We have a Kube Flow pipeline job submitted via google-ai-platform. The job that uses the vertex-ai service account reads from a GCS bucket that it has ObjectViewer and LegacyObjectReader permissions. We still get a 403. I would really appreciate leads to debug this futher, >Thanks!
Solved! Go to Solution.
I see. It's trying to get the bucket metadata. But you only gave it permissions to do things with objects. You need to grant it a role that has bucket.* permissions. It lokos like roles/storage.legacyBucketReader grants that permission and not much more.

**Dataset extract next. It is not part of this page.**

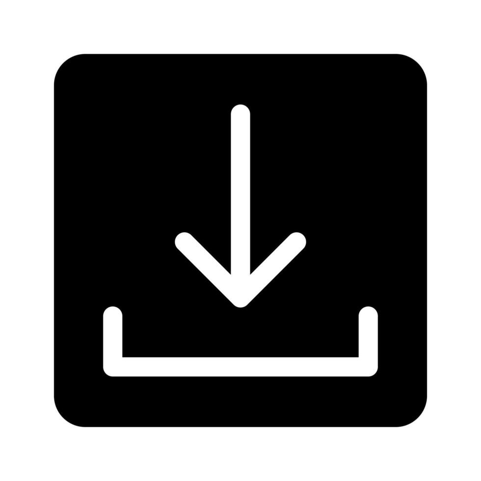 A simple solid icon of a container or box with a down arrow for packaged download. vector

Can you check Logging to see which specific method call fails? We can then make sure that that method is covered by the roles (see this reference). My guess is that Vertex is trying to do something with the buckets (e.g. list buckets). But that's a guess.
Thank you for your response.
In the logs I see:
bucket = client.get_bucket(bucket_name)
calls:
Here is a snippet of my code:
service_account_info = json.loads(service_account_key_content) # service account's key JSON string
client = storage.Client.from_service_account_info(service_account_info)
bucket = client.get_bucket(bucket_name)
blobs = bucket.list_blobs(prefix=prefix)
for blob in blobs:
blob_content = blob.download_as_text()
I see. It's trying to get the bucket metadata. But you only gave it permissions to do things with objects. You need to grant it a role that has bucket.* permissions. It lokos like roles/storage.legacyBucketReader grants that permission and not much more.
Worked like a charm! How can I know, next time, which method requires what role ? Is there some guide, please ?
https://cloud.google.com/storage/docs/access-control/iam-roles -- there is no method -> role map that I know. But you can guess from this roles -> permissions map pretty well, since the permissions are pretty well aligned with methods.